Key Highlights
- J-Star received a Nasdaq Staff Delisting Determination on June 12, 2026 for non-compliance with the minimum $1.00 bid price rule, having exhausted its initial 180-day compliance period through June 10 without regaining compliance and being ineligible for a second period.
- The company intends to request an oral hearing before the Nasdaq Hearings Panel, which will stay the delisting action and allow Class A ordinary shares to continue trading under the symbol YMAT during the review process.
- YMAT is trading at $0.57 pre-market June 22, down 8.02% from the June 18 close of $0.62, with a market capitalisation of $10.13 million and a 52-week range of $0.24 to $6.45.
Delisting Risk Weighs on Pre-Market
J-Star Holding Co., Ltd. (NASDAQ: YMAT) is trading at $0.57 pre-market June 22, down 8.02% from the June 18 close of $0.62. J-Star is a Taiwan-based holding company with over 50 years of expertise in the material composites industry, designing and manufacturing lightweight high-performance carbon fibre composite products including structural components for electric and sports bicycles, rackets, automotive parts, and healthcare products, while also developing a US-based solid-state battery manufacturing facility.
The catalyst is the Nasdaq Staff Delisting Determination Letter received June 12, confirming non-compliance with Nasdaq Listing Rule 5550(a)(2), which requires listed companies to maintain a minimum bid price of $1.00 per share.

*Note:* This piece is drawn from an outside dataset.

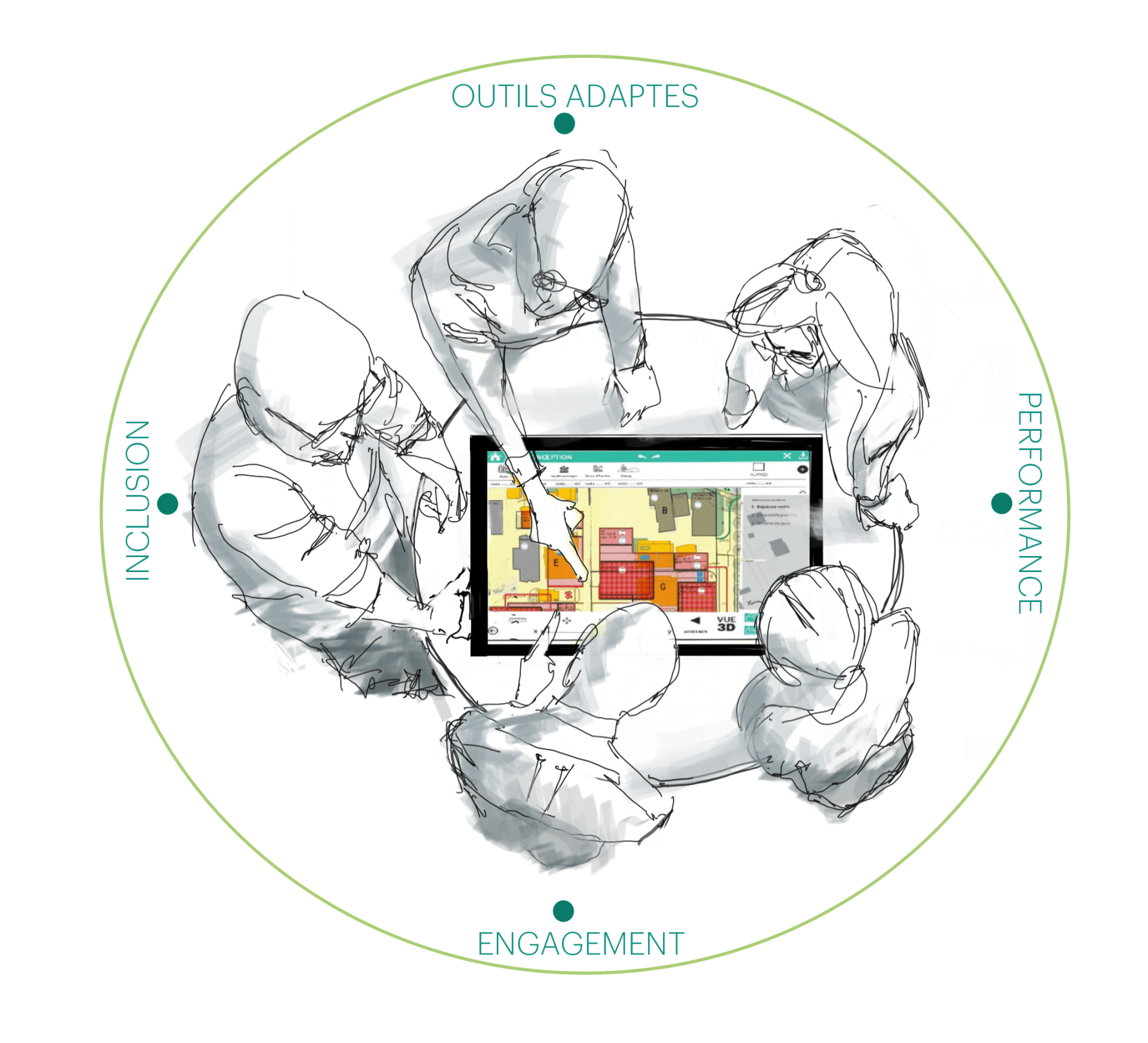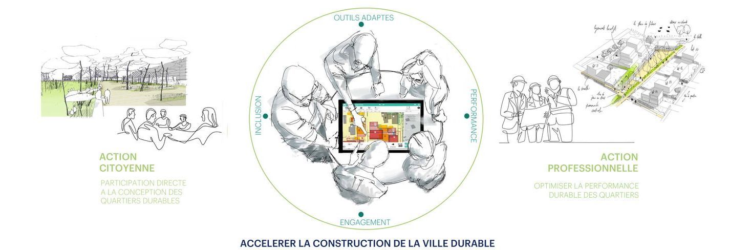 L'urgence à construire la ville durable nécessite le concours de l'ensemble des acteurs de la ville, qu'il soit porteurs de projets publics comme privés, professionnels de la construction comme citoyens et ce, dès la phase d'élaboration des projets de quartier.

J-Star first received notice of non-compliance in December 2025 and was provided a 180-day compliance period through June 10, 2026. The company was unable to regain compliance within that period and is not eligible for the standard second 180-day extension available to some Nasdaq-listed companies.
The company intends to request an oral hearing before the Nasdaq Hearings Panel, a procedural step that activates a stay of the delisting action, meaning trading continues under the YMAT symbol during the hearing process. At the hearing, J-Star will present a plan to regain compliance and request additional time. However, there is no assurance the Panel will grant the request or that the company will ultimately regain compliance. With the stock currently trading at $0.57, the company would need to sustain a price above $1.00 for ten consecutive business days to satisfy the minimum bid price requirement in its current form.
Valuation and Risk Considerations
YMAT reports a negative EPS of $1.23 without a conventional P/E ratio. The market capitalisation of $10.13 million is modest, and the 52-week range of $0.24 to $6.45 reflects the volatility of a recently listed foreign issuer facing compliance pressure. Key risks include an adverse Panel decision, the inability to demonstrate a credible path to sustained compliance, and the broader operational challenges of the carbon composites business.
Conclusion
J-Star's pre-market decline reflects the direct market response to confirmed delisting risk, with the hearing process providing a temporary stay but the underlying compliance challenge unresolved.